Concurrent, Performance-Based Methodology for Increasing the Accuracy and Certainty of Short-Term Neural Prediction Systems

1Faculty of Electronic Engineering, University of Niš, Aleksandra Medvedeva 14, 18000 Niš, Serbia
2Innovation Centre of Advanced Technologies, Bulevar Nikole Tesle 61, Loc. 5, 18000 Niš, Serbia
3Faculty of Economics, University of Niš, Trg Kralja Aleksandra Ujedinitelja 11, 18000 Niš, Serbia
4Tigar Tyres, Nikole Pašića 213, 18300 Pirot, Serbia

Correspondence should be addressed to Miljana Milić;

Received 28 December 2018; Revised 25 February 2019; Accepted 7 March 2019; Published 1 April 2019

Guest Editor: Vlado Delic

Copyright © 2019 Miljana Milić et al.

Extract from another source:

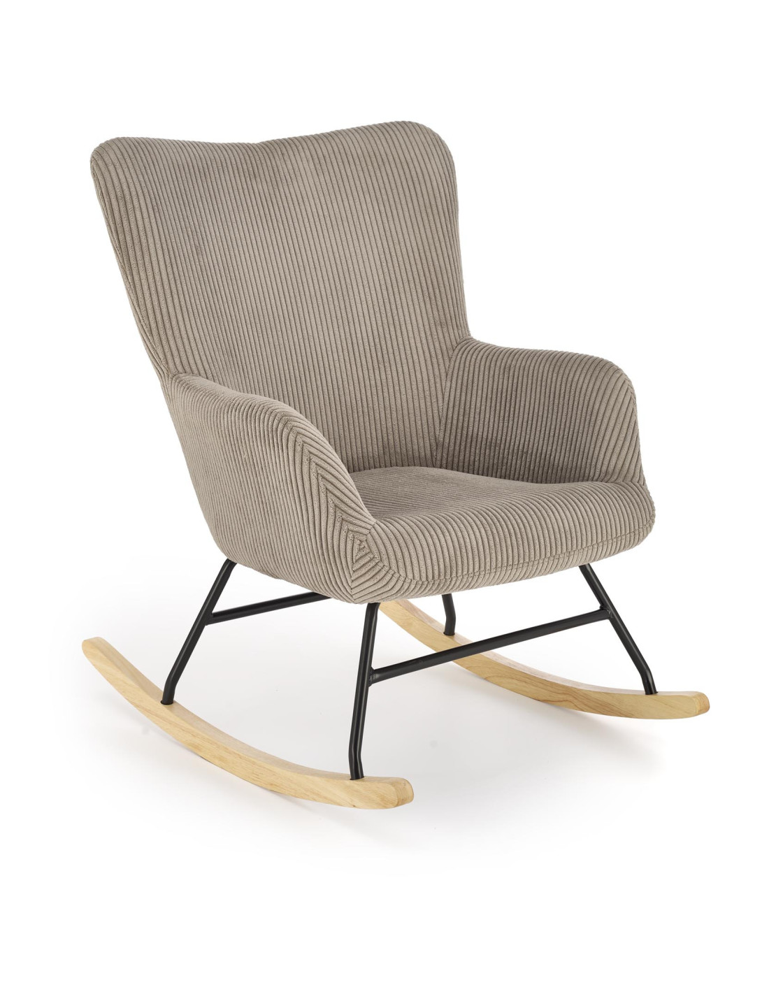 Fotel BELMIRO wykonany jest z tkaniny sztruksowej, posiada stalowe nogi malowane proszkowo oraz drewniane płozy.

This is an open access article distributed under the Creative Commons Attribution License, which permits unrestricted use, distribution, and reproduction in any medium, provided the original work is properly cited.


Accurate prediction of the short time series with highly irregular behavior is a challenging task found in many areas of modern science. Such data fluctuations are not systematic and hardly predictable. In recent years, artificial neural networks have widely been exploited for those purposes. Although it is possible to model nonlinear behavior of short time series by using ANNs, very often they are not able to handle all events equally well. Therefore, alternative approaches have to be applied. In this study, a new, concurrent, performance-based methodology that combines best ANN topologies in order to decrease the forecasting errors and increase the forecasting certainty is proposed. The proposed approach is verified on three different data sets: the Serbian Gross National Income time series, the municipal traffic flow for a particular observation point, and the daily electric load consumption time series. It is shown that the method can significantly increase the forecasting accuracy of the individual networks, regardless of their topologies, which makes the methodology more applicable. For quantitative comparison of the accuracy of the proposed methodology with that of similar methodologies, a series of additional forecasting experiments that include a state-of-the-art ARIMA modelling and a combination of ANN and linear regression forecasting have been conducted.